# Goal of these Experiments is to determine the best approach for missing value treatment

In [1]:
import mlflow
import time
import requests
import logging
import concurrent.futures
from pyspark.ml.feature import VectorAssembler, StringIndexer, OneHotEncoder, Tokenizer, HashingTF, IDF
from pyspark.sql.functions import *
from pyspark.ml.linalg import Vectors
from pyspark.sql import functions as F , SparkSession
from pyspark.ml.regression import LinearRegression
from pyspark.ml.evaluation import RegressionEvaluator
from pyspark.ml.tuning import CrossValidator, ParamGridBuilder
from pyspark.sql.types import *

In [2]:
def calculate_mape(predictions, label_col="Impact", prediction_col="prediction"):
    """Calculate Mean Absolute Percentage Error (MAPE) on the predictions DataFrame."""
    mape = predictions.select(avg(abs((col(label_col) - col(prediction_col)) / col(label_col))).alias("mape")).collect()[0]["mape"]
    mape_percentage = mape * 100  # Convert to percentage
    return mape_percentage

In [3]:
# Configure logging
logging.basicConfig(level=logging.INFO)
logger = logging.getLogger(__name__)

class MissingValueExperiment:
    def __init__(self, df, experiment_name="Missing Value Treatment Experiments"):
        self.df = df
        self.experiment_name = experiment_name
        mlflow.set_experiment(experiment_name)
        logger.info("Initialized MissingValueExperiment class.")

    def apply_missing_value_strategy(self, strategy):
        """Applies a missing value treatment strategy to the DataFrame."""
        logger.info(f"Applying missing value strategy: {strategy}")
        if strategy == "drop":
            return self.df.dropna(how="any")
        elif strategy == "fill_empty":
            return self.df.fillna({"Title": "", "description": "", "publishedDate": ""})
        elif strategy == "fetch_api":
            return self.fetch_missing_data_from_api()
        else:
            raise ValueError(f"Unknown strategy: {strategy}")
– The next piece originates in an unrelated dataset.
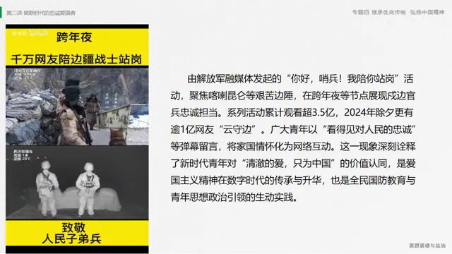 同学们,还有一个现象特别能体现新时代中国青年的精神风貌——那就是每年跨年夜、春节、国庆等节点,千万网友自发涌入直播间,"陪伴"边防战士站岗。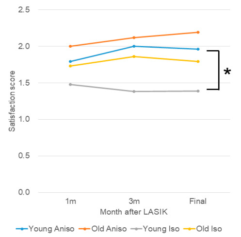 Satisfaction score stratified by anisometropia. The final satisfaction scores of the younger anisometropic group was poorer than the score of the younger isometropic group (* p = 0.002), whereas there was no difference between the older groups. Blue, younger anisotropic group; red, older anisometropic group; grey, younger isometropic group; yellow, older isometropic group.

    def fetch_book_details_google_books(self, title, authors=None, max_retries=3, backoff_factor=2):
        """Fallback API: Fetch book details from Google Books API with retry and backoff."""
        API_KEY = "AIzaSyBDVLGPYKHGQvL0q8TijDJPRPbhe1M5MrI"  # Replace with your actual API key
        API_URL = f'https://www.googleapis.com/books/v1/volumes?q=intitle:"{title}"&maxResults=1&key={API_KEY}'
        if authors:
            API_URL = f'https://www.googleapis.com/books/v1/volumes?q=intitle:"{title}"+inauthor:{authors}&maxResults=1&key={API_KEY}'

        for attempt in range(max_retries):
            try:
                response = requests.get(API_URL)
                if response.status_code == 200:
                    data = response.json()
                    if "items" in data:
                        book_info = data["items"][0]["volumeInfo"]
                        logger.info(f"Book details found for '{title}' using Google Books.")
                        
                        # Delay after a successful API call
                        time.sleep(5)
                        
                        # Format authors as a string in '[]' format
                        formatted_authors = f"[{', '.join(map(str, book_info.get('authors', [])))}]"
                        
                        return {
                            "title": str(title),
                            "authors": str(formatted_authors),
                            "published_date": str(book_info.get("publishedDate", "")),
                            "description": str(book_info.get("description", "")),
                            "publisher": str(book_info.get("publisher", ""))
                        }
            except requests.exceptions.RequestException as e:
                logger.error(f"Error fetching book details from Google Books for '{title}': {e}")
                time.sleep(backoff_factor ** attempt)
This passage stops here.